The number of patients enrolled in the Registry (www.registromyh9.org) is continuously growing. Since its institution in 2007, 578 patients have been evaluated for a suspected MYH9-RD and in 190 of them the diagnosis has been confirmed at the molecular level. Our case series now includes patients with 29 different mutations at 22 different positions of the MYH9 protein: 19 are missense, 8 nonsense or frameshift, one is an in frame deletion, and one is the first duplication responsible for this disorder. Due to the recent opening to foreign institutions, the Registry now comprises patients from 17 countries.
During the last 12 months, 18 different groups published six papers based on the case series of the Registry. Three articles described novel MYH9 mutations (Eur J Haematol. 2009 Dec 11 - Platelets 2009;20:598-602 - Eur J Med Genet. 2009;52:191-4), one identified defective proplatelet formation as the pathogenetic mechanism of thrombocytopenia in MYH9-RD (Thromb Haemost. 2009;102:90-6) and another one identified some parameters of platelet size that can be useful in differentiating MYH9-RD, as well as other inherited thrombocytopenias, from ITP (J Thromb Haemost. 2009;7:2131-6). Finally, one paper measured the diagnostic power of immunofluorescence analysis of MYH9 protein distribution in neutrophils and concluded that this screening test is the best tool for diagnosing MYH9-RD (Thromb Haemost. 2010 Feb 19; 103).
The clinical trial on the thrombopoietin mimetic Eltrombopag in MYH9-RD is still enrolling patients and we foresee the close of the study before the end of 2010. Preliminary results are encouraging and we are confident that final analysis will show for the first time that increasing platelet count in inherited thrombocytopenias by a pill is an actual possibility.
The clinical study on cochlear implant in deaf patients is ongoing. Two cases received this treatment and both of them had fantastic results. Although the experience is still limited, cochlear implant seems to work very well in MYH9-RD and we suggest that this treatment have to be considered for all deaf patients. Since otolaryngologists of the IRCCS Policlinico San Matteo Foundation of Pavia are very experienced in this type of surgery, we suggest that you contact the Registry to arrange a consultation in case your deaf patients are willing to reach Pavia.
We are approaching the patients' number required for extending the genotype/phenotype correlations identified and described by the Registry in 2008 (Hum Mutat. 2008;29:409-17).

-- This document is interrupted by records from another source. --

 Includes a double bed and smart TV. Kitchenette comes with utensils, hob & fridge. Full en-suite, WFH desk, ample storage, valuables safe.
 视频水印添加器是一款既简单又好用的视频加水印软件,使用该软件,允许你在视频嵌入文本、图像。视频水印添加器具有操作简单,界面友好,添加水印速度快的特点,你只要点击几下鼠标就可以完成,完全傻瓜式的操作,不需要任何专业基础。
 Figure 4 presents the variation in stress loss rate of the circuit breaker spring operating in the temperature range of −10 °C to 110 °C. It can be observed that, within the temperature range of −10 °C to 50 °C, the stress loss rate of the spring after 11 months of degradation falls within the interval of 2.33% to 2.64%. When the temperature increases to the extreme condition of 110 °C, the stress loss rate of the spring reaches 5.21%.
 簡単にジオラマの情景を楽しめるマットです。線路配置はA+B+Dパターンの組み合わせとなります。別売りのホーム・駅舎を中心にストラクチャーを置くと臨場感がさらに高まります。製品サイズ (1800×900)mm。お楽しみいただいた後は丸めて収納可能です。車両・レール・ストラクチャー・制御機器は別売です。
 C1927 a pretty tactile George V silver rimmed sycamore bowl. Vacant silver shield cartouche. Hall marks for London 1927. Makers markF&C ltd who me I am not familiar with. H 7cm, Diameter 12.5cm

We believe that the statistical analysis of 200 well characterized patients will greatly improve our ability to predict whether patients are at risk of deafness, cataracts and/or renal failure. However, to reach this goal we need the clinical and laboratory data of all new patients, as well as an updating on the clinical course of patients that have been enrolled in the past. Each centre will receive the list of the data we are waiting for in the next future.

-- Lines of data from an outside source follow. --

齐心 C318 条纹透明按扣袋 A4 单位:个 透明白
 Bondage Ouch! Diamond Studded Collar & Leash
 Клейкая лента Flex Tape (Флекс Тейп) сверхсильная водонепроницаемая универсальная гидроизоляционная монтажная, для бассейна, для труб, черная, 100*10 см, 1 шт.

Despite the present cutback of founding for scientific research in Italy, the Registry will continue to perform the screening test for MYH9-RD and the search for MYH9 mutations free of charge. Moreover, also sample shipping will be at expense of the Registry for Italian patients. So, the Registry will continue to be an important resource for all the people involved in clinical and/or research studies on MYH9-RD.
Since the Registry intends to be an open resource, do not hesitate to propose new studies and new activities.